While all potential sources of bias cannot be fully eliminated—and, thus, results cannot be interpreted as causal effects by any means—the rich set of individual-level controls is adding immense value to the simple bivariate relationships. In the preferred specifications, region fixed effects were introduced, thereby only comparing priests within the same part of Canada (
Figure 1 provides an overview of the number of participants by Canadian province). This is particularly relevant in the context of the pandemic, since both regulations and incidences (
Figure 2)—that matter for the severity of the distress experienced by the priests—vary at the regional level. The specific restrictions relevant for the priests’ pastoral well-being varied at the provincial level and are depicted in
Figure 3.
In all regression tables, bivariate (‘raw’) relationships between outcome and regressor of interest are augmented by a step-by-step introduction of control variables and region fixed effects. Since there are not enough regions in Canada to allow for region-level clustering, heteroskedasticity-robust standard errors (HC3) were chosen and are reported in parentheses. Sample size is kept constant within each table. For expositional purposes, the regression constant and fixed effect coefficients are omitted in all tables. Table notes contain further information on all variables included in each model.
3.2. Descriptive Statistics
Table 1 summarizes the descriptive statistics of the analytical sample. Panel A shows mean, standard deviation, and the number of non-missing observations for key variables. Panel B shows the raw correlations between all psychological measures used in the study. The sample was comprised of 411 Catholic priests, of whom approximately 80% were diocesan priests and 20% vowed religious priests. A little over half of the group were above 60 years of age (54.74%), followed by those who were between 40 and 59 years old (35.04%), and 10.22% who were below age 40. The sample was predominantly of European ethnic descent (79.20%) and 20% self-identified in the group consisting of Asian, African, Latino, Middle Eastern, and Indigenous/First Nation origin. The sample was predominantly well-educated, with 66.42% of participants holding a master’s degree, and 17.27% holding a doctoral or professional degree. Twenty-eight percent of respondents were first-generation migrants and 27% were based in a rural location. Sixty-five percent of priests had received spiritual direction during the pandemic, while only 9% had received professional counseling in the 12 months prior to the survey. Sixty-two percent reported spiritual activities as being helpful during the pandemic and 56% reported helpful friendship activities, while only 27% reported helpful group activities.
3.3. Hypothesis Testing
According to Hypothesis 1, the psychological distress of COVID-19 will be negatively associated with the psychological well-being of priests in Canada.
Table 2 contains our main results on COVID-19-related well-being among Canadian priests. It evidences the relationship between the various non-religion-specific psychological scales and the psychological well-being score in a linear regression framework. As these regressions rely on survey data and do not exploit any exogenous variation in the determinants of psychological well-being, our results cannot be interpreted as causal effects. However, due to the large number of controls in the more sophisticated specifications, meaningful correlations were uncovered by holding constant some of the most substantial confounders.
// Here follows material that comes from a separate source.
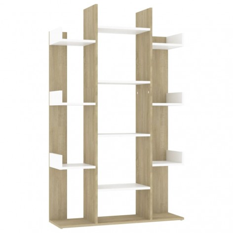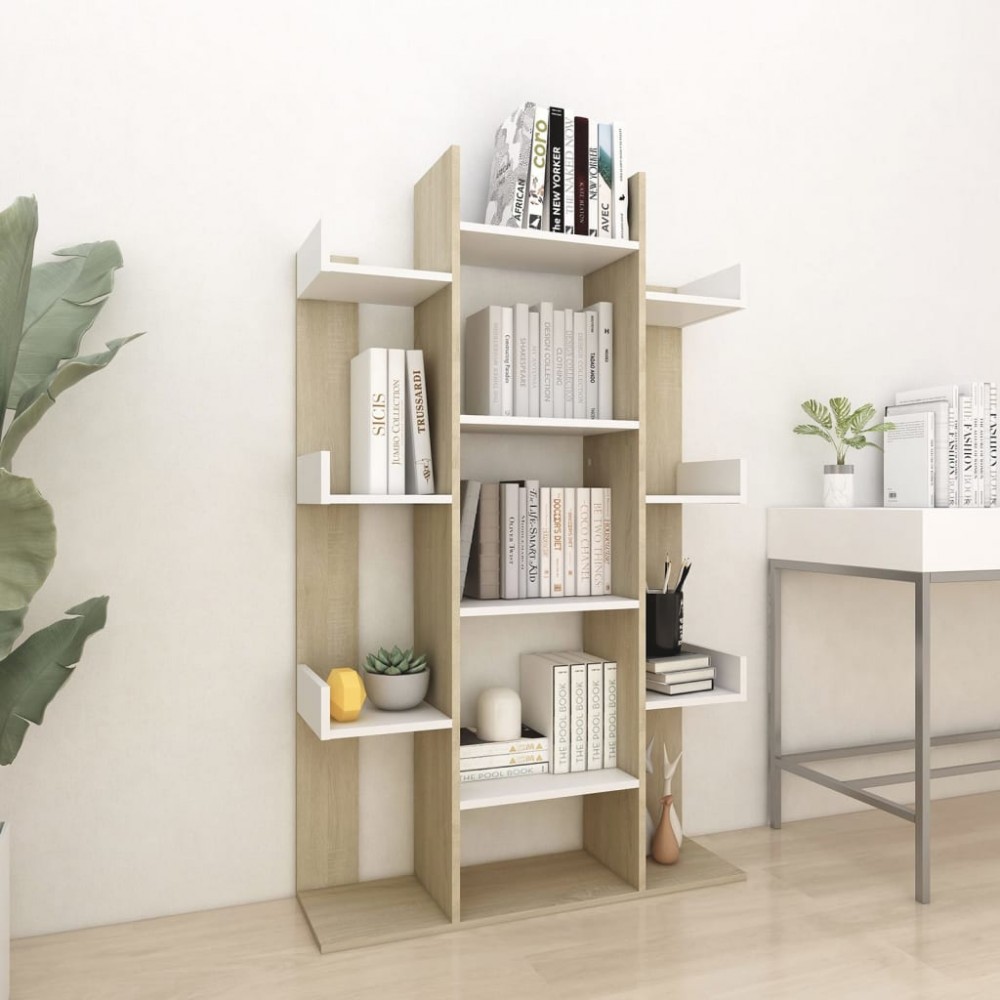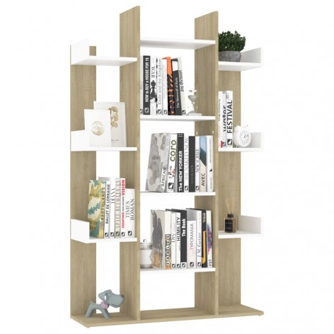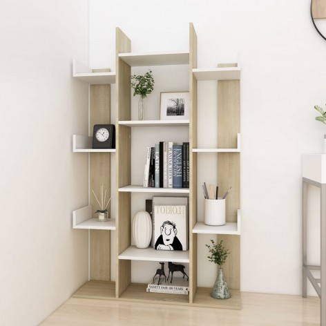 Libreria Bianca e Rovere Sonoma 86x25,5x140 cm in Truciolato

First, columns (1) through (4) show the raw bivariate relationships between the PWBS score and, respectively, the IES-R scale, the PHQ-9 scale, the GAD-7 scale, and the UCLA Loneliness scale. As expected, all four scores are strongly negatively related to psychological well-being. These negative coefficients are very precisely measured and therefore statistically significant at the 1% level with heteroskedasticity-robust standard errors. In particular, the IES-R shows a large coefficient. If the IES-R total mean score (as measured by the sum of the means of the three subscales) increases by one point, the PWBS score decreases significantly by approximately 5.4 points. This amounts to a 3% decrease relative to the 195-point average of the PWBS score in our sample. This seemingly strong relationship did not survive in the richer specifications. Analogously to the IES scale, an increase in the depression (column 2), anxiety (column 3), and loneliness (column 4) scores by one point is associated with a significant decrease in well-being, by 3.1, 2.6, and 5.6 points, respectively.
The picture changes once all four scores were included simultaneously in column (5) to assess their relative importance. Now, only the coefficients on depression and loneliness remain (highly) significant, even though, in absolute terms, both decrease in size. It appears that depression and loneliness are more predictive of psychological well-being in the context of the pandemic than the impact of event score in itself. The high R-squared of 0.30 in column (2) compared to columns (1), (3), and (4) suggests that this finding is mainly driven by the high predictive power of the depression scale.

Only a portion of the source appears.